Napoleon perfected a long-evolving tactic of using horse artillery in conjunction with attacking infantry. The horse artillery would (comparatively) quickly mass at key points on the line and deliver devastating fire on a small segment of the enemy while troops advanced against them. This, I am led to believe, is one of the reasons why the French so adored attacking in column: it narrowed the front so that artillery deployed to the sides of the advancing column could continue to fire on the enemy position almost to the point of infantry-to-infantry contact.
It should be noted, however, that this tactic wasn’t particularly new or innovative in the broad sense, it was rather the result of the perfection of a number of techniques and technologies which allowed horsedrawn artillery to be used in the way Napoleon chose to employ them. These included the use of lighter barrels, the Gribeuval system of interchangeability and integration, and intensive tactical training. Over 150 years previously, the ingenious Gustavus Adolphus used light foot-drawn artillery for virtually the same purpose.

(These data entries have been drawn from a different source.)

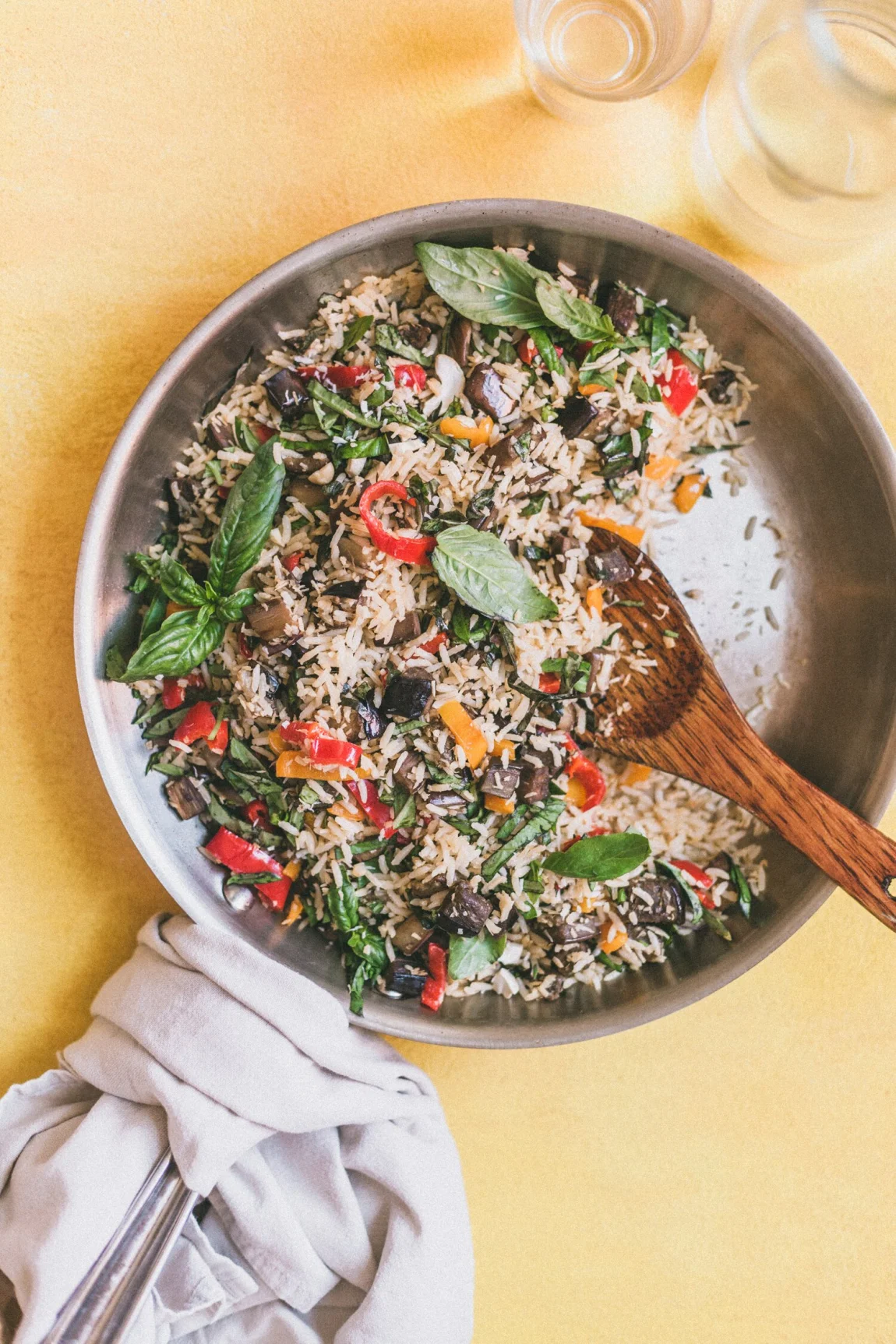 The preparation here is quite simple. Eggplant is cooked first and separately from all the other components of the dish, because that’s how it tastes its best in my experience. After that, all the ingredients are added to the same pan in stages, building up the flavor from the bottom up. What makes the flavors pop here is the addition of a quick, ginger-lime sauce, as well as a few tablespoons of desiccated coconut, which gets nice and toasty together with the rice. Don’t be afraid of adding tons of basil here, too. It does such a great job of elevating the whole dish with its brightness. Hope you enjoy this one!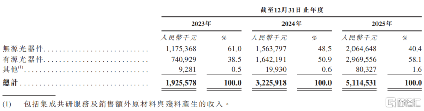 具体来看,2023年、2024年、2025年(简称“报告期”),天孚通信来自无源光器件的收入占比从61%降至40.4%,而有源光器件的收入占比从38.5%提升至58.1%,另外还有小部分收入来自集成共研服务及销售额外原材料与残料。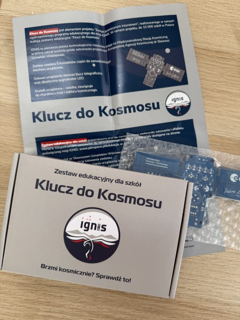 W ramach projektu nasza młodzież otrzymała od Polskiej Agencji Kosmicznej specjalne zestawy edukacyjne. Zadanie jest z pozoru proste: zbudować klucz telegraficzny oraz akustyczny sygnalizator świetlno-dźwiękowy (LED).Dlaczego akurat klucz telegraficzny?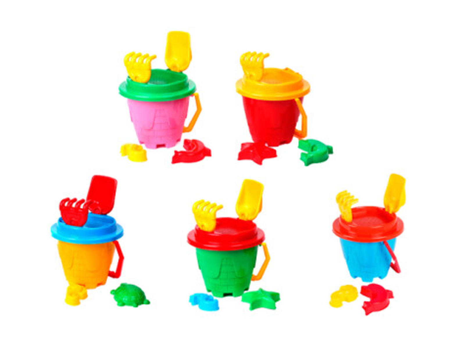 HAPPY SUMMER Strandsæt med spand og redskaber - 5 asst. 19x21x26cm
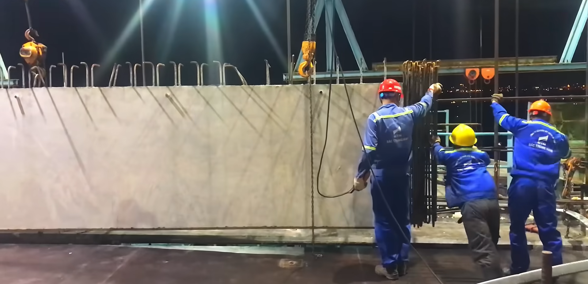 Công nhân bắt đầu rải sắt đổ bê tông mặt cầu. Ảnh: Nhóm thợ cầu Việt Nam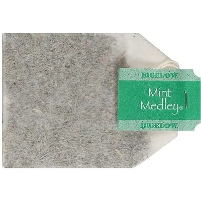 Bigelowยฎ Mint Medley is a refreshing blend of cool garden spearmint and peppermint that is delicious hot or iced sweetened or unsweetened. It’s the perfect perfectly refreshing cup of tea. Individual fresh pack. A refreshing herb tea blend of peppermint and spearmint. No caffeine. All natural. Special fresh-pack locks in flavor. For three generations the Bigelow family has specialized in creating a variety of deliciously different teas and herb teas. Our individually overwrapped tea bags ensure that the last cup of tea you have from this box is just as delicious as the first. Each tea bag is individually sealed in a foil packet. Blended and packaged in the U.S.A.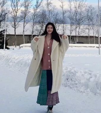 还有一个针织裙无敌的穿法——套装永远比连衣裙好驾驭。像何穗这样把粉色开衫针织半裙搭配到一起,再来一件白色泰迪熊大衣,潇洒!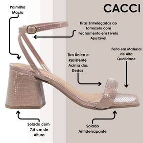 Por fim, o solado antiderrapante oferece o conforto necessário para o dia a dia junto ao seu salto bloco que garante mais confiança ao caminhar, sem abrir mão de um visual estiloso. É a escolha ideal para quem deseja uma sandália prática.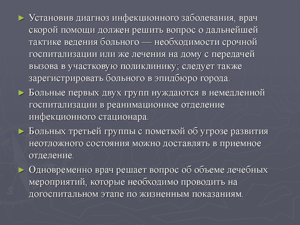 догоспитальной терапии у больных с инфекционными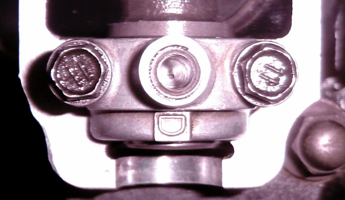 hier mal das Corpus Delicti in eingebautem Zustand: ...wobei nur der untere Teil des Loches durchgeht bis in den Kanal — die obere Hälfte ist unter der Lauffläche, also nicht durch, aber doch eingesenkt.Anhang 8658 Beim Einbau hatte ich das Glück, das sich die verdrückte Stelle genau am Ausschnitt der Nockenwelle befand, der für die Ausrichtung der Wellen gegeneinander verwand wird. Das gab mir die Möglichkeit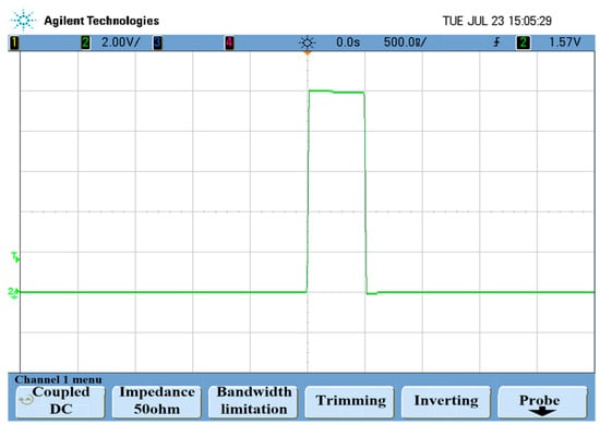 In order to further verify the rationality and feasibility of the method, a high-speed rail defect magnetic acoustic detection platform is designed, the structure of which is shown in Figure 13. The system includes signal excitation system, signal receiving system and acquisition system. The pulse generator sends out a Pulse Electric Signal, which is amplified by the amplifier and loaded on the steel ring. The signal scanning system is synchronously triggered to receive the magnetic sound signal, the received magneto-acoustic signal is collected and processed after passing through the signal detection circuit. The excitation signal is a pulse wave with the waveform shown in Figure 14.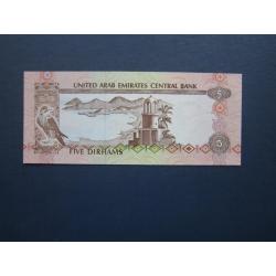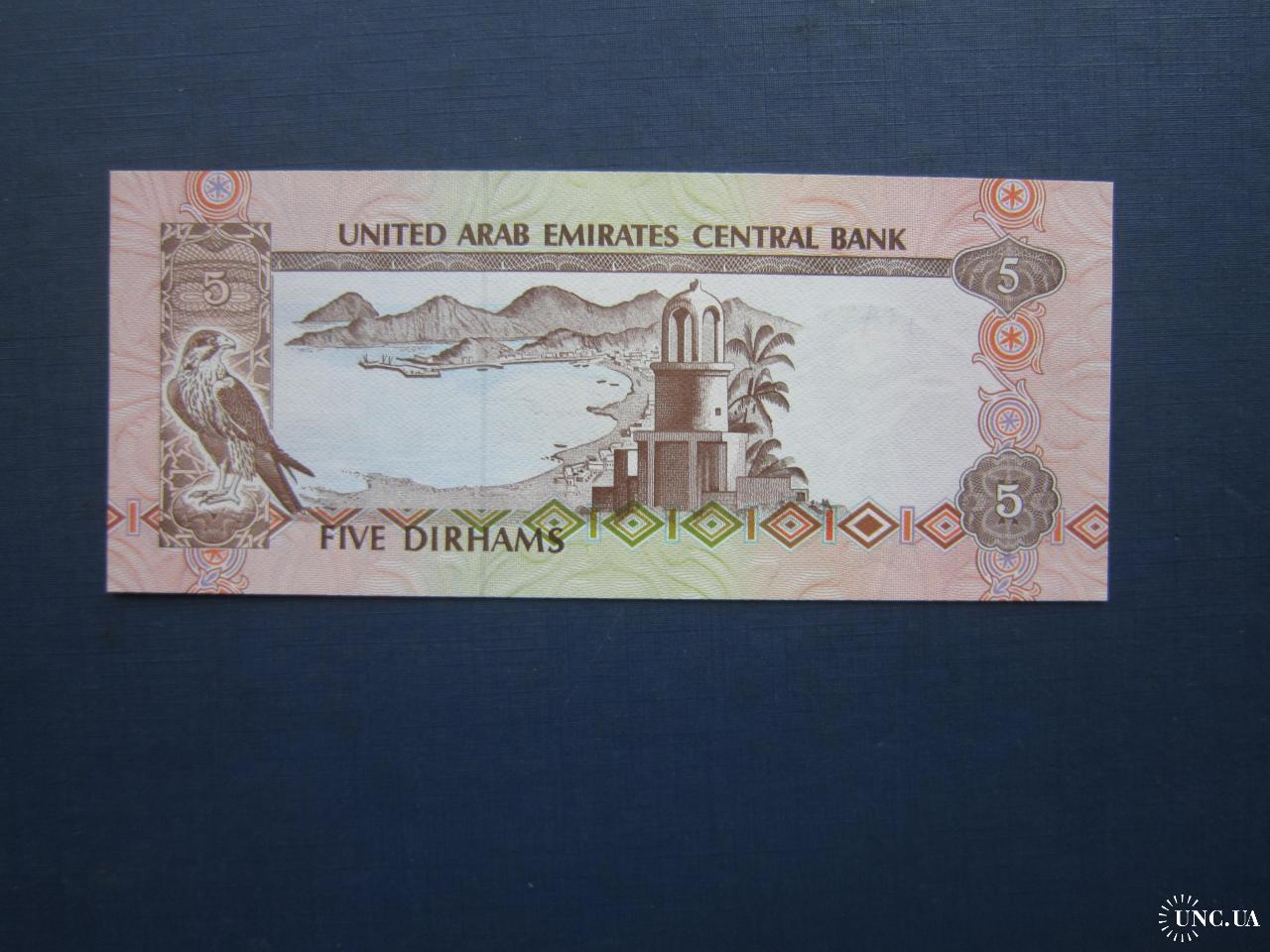 Банкнота 5 дирхамів ОАЕ Об'єднані Арабскі Емірати рання орел рожева UNC прес

I’m sorry, that’s “Gribeauval.”
Bonaparte the first to use artillery effectively, no. The first to effectively use artillery in an offensive role, yes. The Russians had a well disserved reputation for the use of artillery in a defensive role at the turn of the 18th Century. Napoleon I, by virtue of training as a junior officer and the standardization of guns and the increased mobility of field artillery during the period just before, during and right after the French Revolution and the development of bigger and more hard hitting guns was able to transform the use of field artillery. His technique was to maneuver his guns and mass them to pound an enemy position to prepare for an infantry/artillery assault. In addition, Napoleon had the advantage of guns that were sufficiently mobile that the guns could actually go forward on the flanks of the assault to break up strong points. Prior to the Napoleonic Wars field artillery was restricted to fixed positions and defensive fire.
Note that Bonaparte’s training as an artillerist was an unusual trait for a general. Most large unit commanders were cavalrymen, as was Blucher, or had nominal experience as an infantry company and field officer, as in the case of Wellington. As a practical matter the experience that counted in reaching high command was as a courtier or the sprig of a family of middling nobility. The French Army of the Napoleonic Period was different because its commanders had actual experience lower down the pole.
It is also worth noting that the development of rifled muskets with their increased effective range pretty well put an end to the Napoleonic technique of massing field artillery at relatively close range to batter a hole in the opposing formations. For example, compare the attempt to bring up guns in support of Pickett’s Charge and Napoleon’s use of artillery at Jena. With the development of rifled muskets the gun crews could not remain alive long enough to lay effective artillery fire on the target, nor could the guns be brought into position because the horses that dragged the guns and ammunition carts around were even more susceptible to rifle/musketry fire than the gun crews.
This thread is really making me want to dig around for my Sharpe tapes.